President and Vice-Chancellor of Queen's University Belfast
- In office 1 March 2014 – 4 June 2017
- Preceded by: Sir Peter Gregson
- Succeeded by: Sir Ian Greer

Personal details
- Born: 14 September 1958 Derry, Northern Ireland
- Died: 4 June 2017 (aged 58) County Donegal, Ireland
- Children: 4
- Alma mater: University College Dublin
- Profession: Physician cancer researcher academic
- Website: Vice-Chancellor's Office

= Patrick G. Johnston =

Physician

Patrick G. Johnston (14 September 1958 – 4 June 2017) was a Northern Irish physician and a leading expert in cancer research. He was a professor of oncology at Queen's University Belfast, where he served as vice-chancellor and president from 1 March 2014, until his death.

==Early life and education==
Johnston grew up in the Waterside area of Derry, Northern Ireland. His father was a teacher, as were several of his aunts and uncles. At age 14, he first thought about becoming a doctor because of an interest in chemistry and biology. He attended St. Columb's College and obtained a MB BCh with distinction from University College Dublin (UCD).

==Career==
After qualifying from UCD, Johnston worked in the Mater and St James's hospitals in Dublin, where he specialised in oncology and hematology.

In 1987, he took up a fellowship at the National Cancer Institute at Bethesda, Maryland, where he undertook doctoral studies in molecular pharmacology and was subsequently offered tenure in 1993.

He began his career at Queen's in 1996, when he was appointed professor of oncology. Prior to his appointment as vice-chancellor, he was dean of the School of Medicine, Dentistry and Biomedical Sciences. In 2007, he led the development of a new international medical school at Queen's and the Institute of Health Sciences. Prior to this, he was the director of the Centre for Cancer Research and Cell Biology at the University.

Johnston was made chair of the Translational Research Group of the Medical Research Council (MRC) in 2012. He received the 2013 International Bob Pinedo Cancer Care Prize for his work in translating discovery science for the benefit of cancer patients. He served on the Cancer Research UK (CR-UK) Science Executive/Advisory Board and co-founded Almac Diagnostics (based in Craigavon) and the Society for Translational Oncology in Durham, North Carolina.

He was a fellow of the Academy of Medical Sciences (appointed 2012) and the National Cancer Institute (appointed 1987). He was made a senior investigator at the NCI in 1991. In 2012 he was awarded the Diamond Jubilee Queen's Anniversary Prize, for his leadership at the University's Comprehensive Cancer Centre.
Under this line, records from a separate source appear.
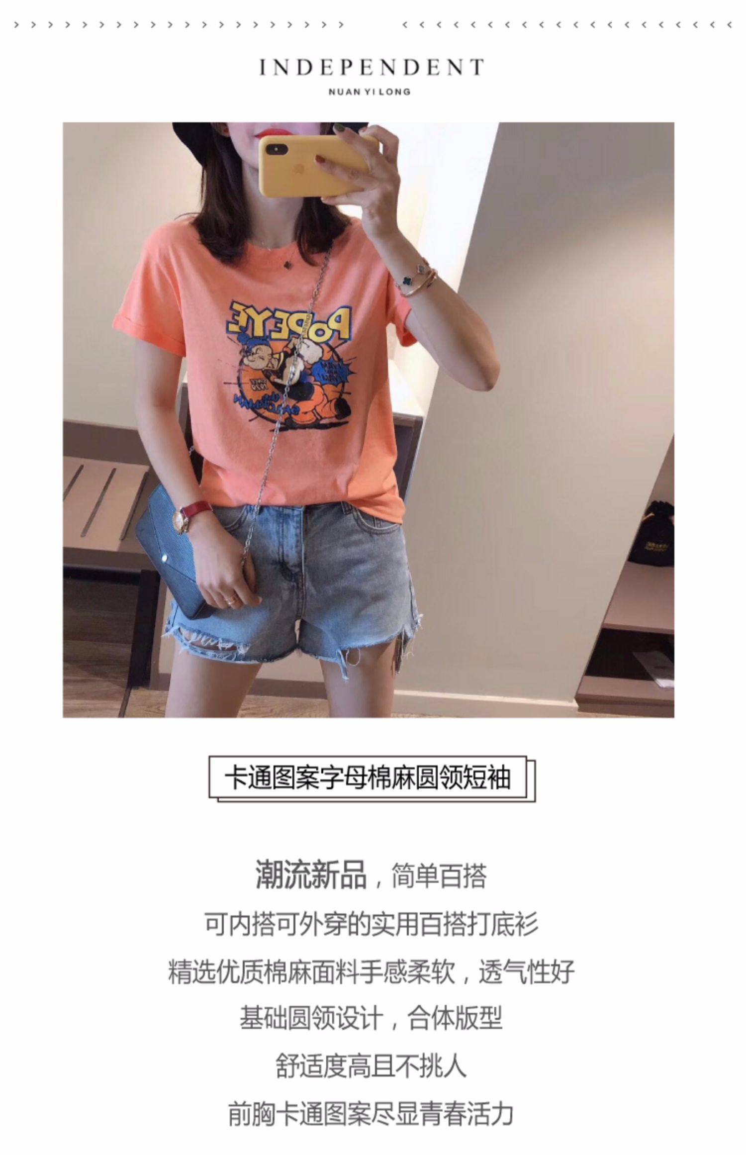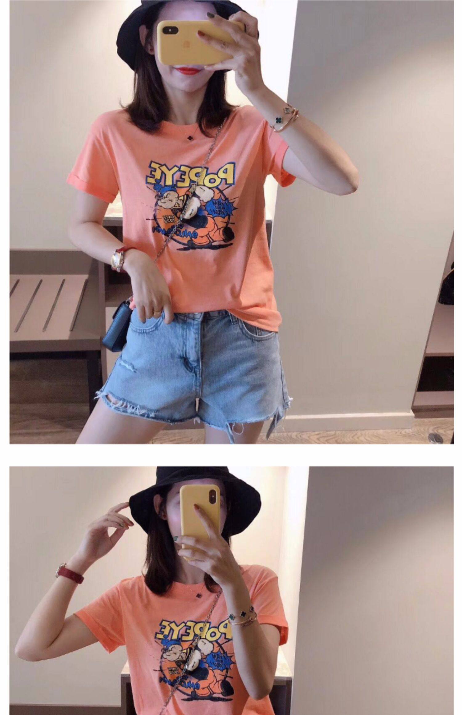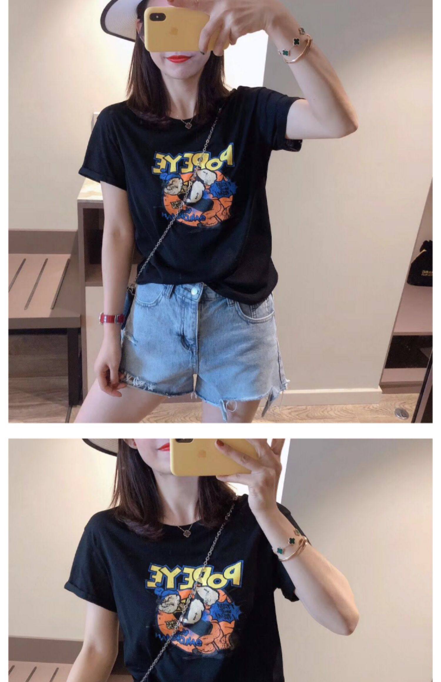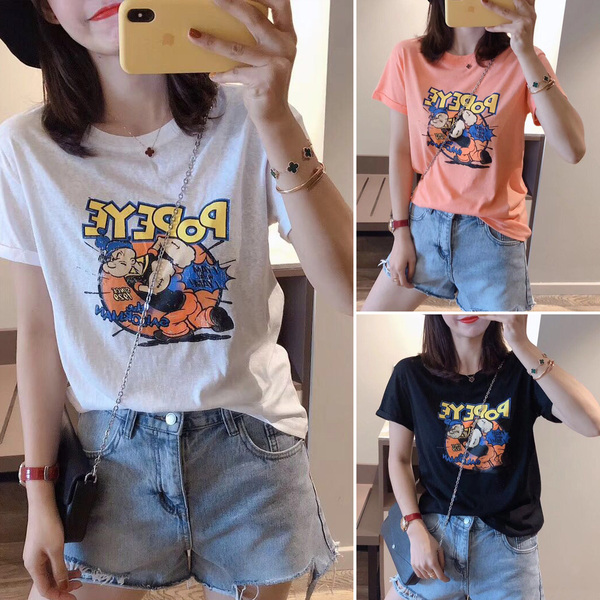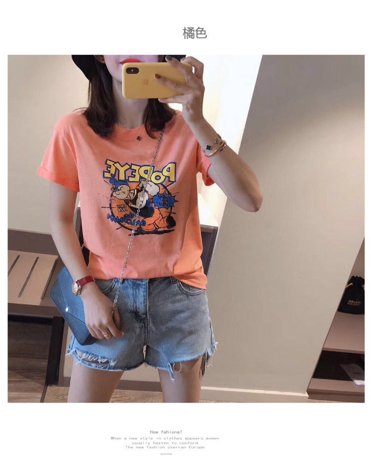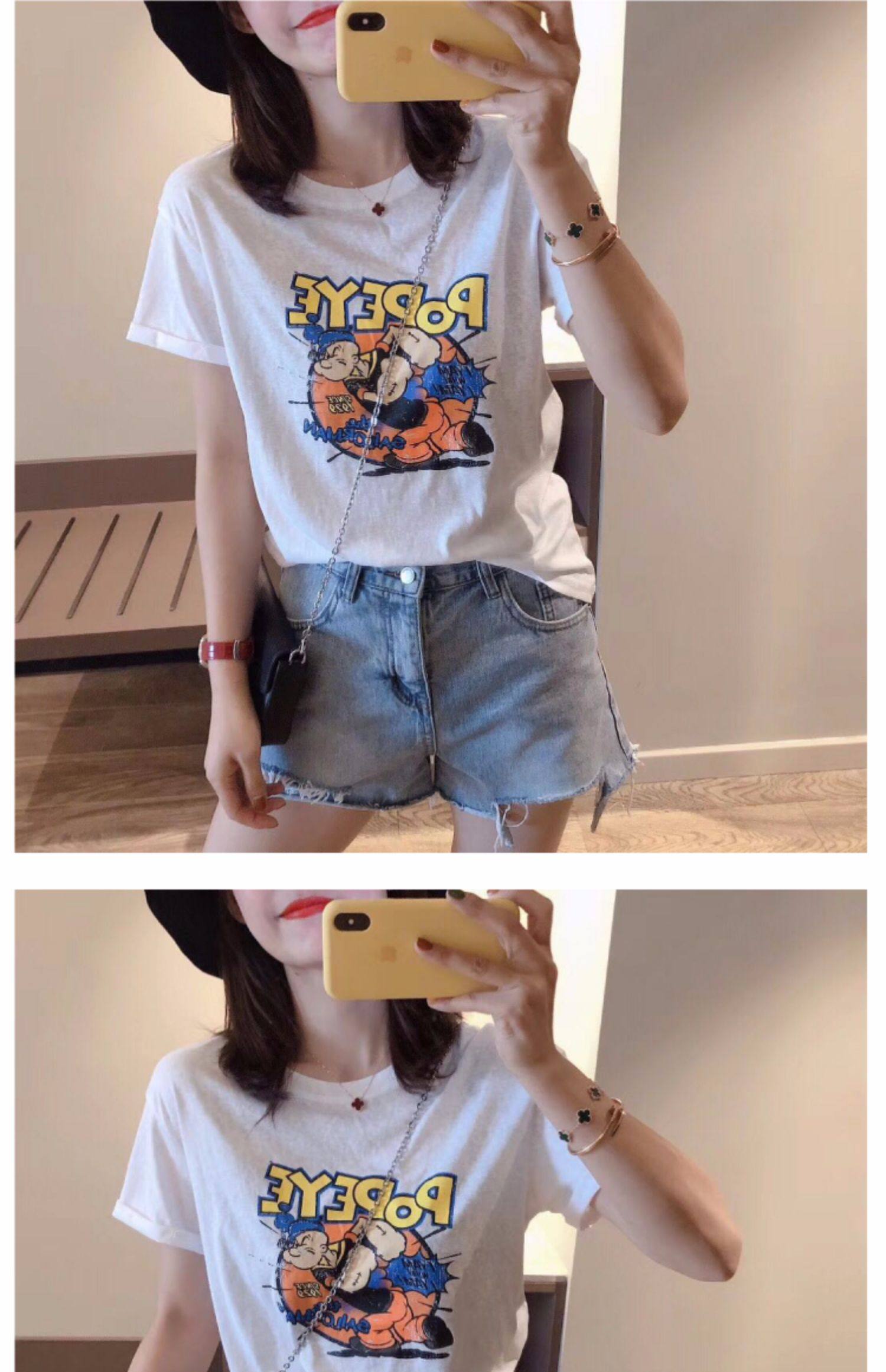 RM13924#韩版宽松短袖t恤女夏季设计感洋气卡通印花体恤洋气正肩打底上衣
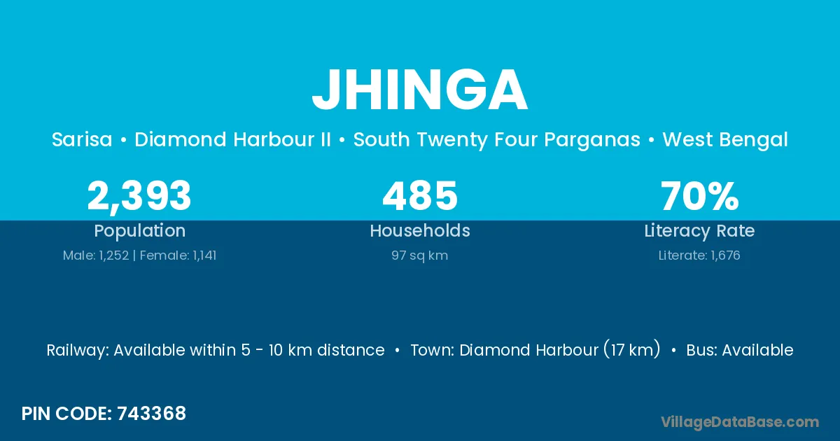 Diamond Harbour (17 km) is the nearest town to Jhinga village for major economic activities and is located approximately 17 km away.
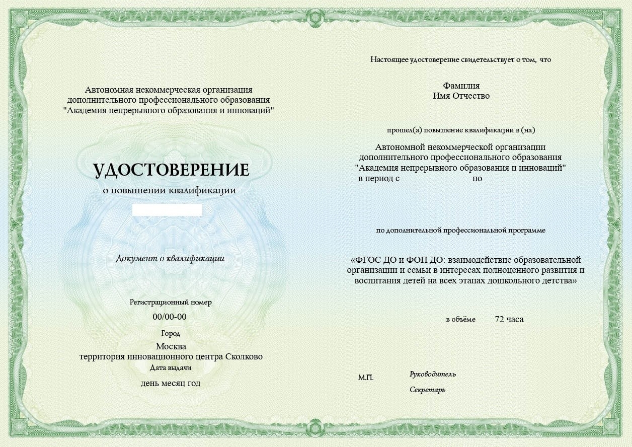 АИПК-108.2 ФГОС ДО и ФОП ДО: взаимодействие образовательной организации и семьи в интересах полноценного развития и воспитания детей на всех этапах дошкольного детства, 72 ч.

Johnston had a vision for Queen's as a world-class international university supporting outstanding students and staff, working in world-class facilities, conducting leading-edge education and research focused on the needs of society. This vision had been challenged by some as "marketisation", contrary to the nature of the university as a seat of culture, learning, open-mindedness and free speech. On 20 April 2015, Johnston was reported to have cancelled a conference on Understanding Charlie: New perspectives on contemporary citizenship after Charlie Hebdo, citing "security risks" and "the reputation of the university". This was criticised as censoring an academic forum on the subject of free speech.

After a reconsideration of the security and academic implications, the conference proceeded.

==Personal life==
Johnston was married to Iseult and had four sons, Seamus, Eoghan, Niall and Ruairi, and one grandson.

He died suddenly after a bicycle ride in June 2017 in County Donegal. His funeral was held St Brigid's Parish Church in Belfast.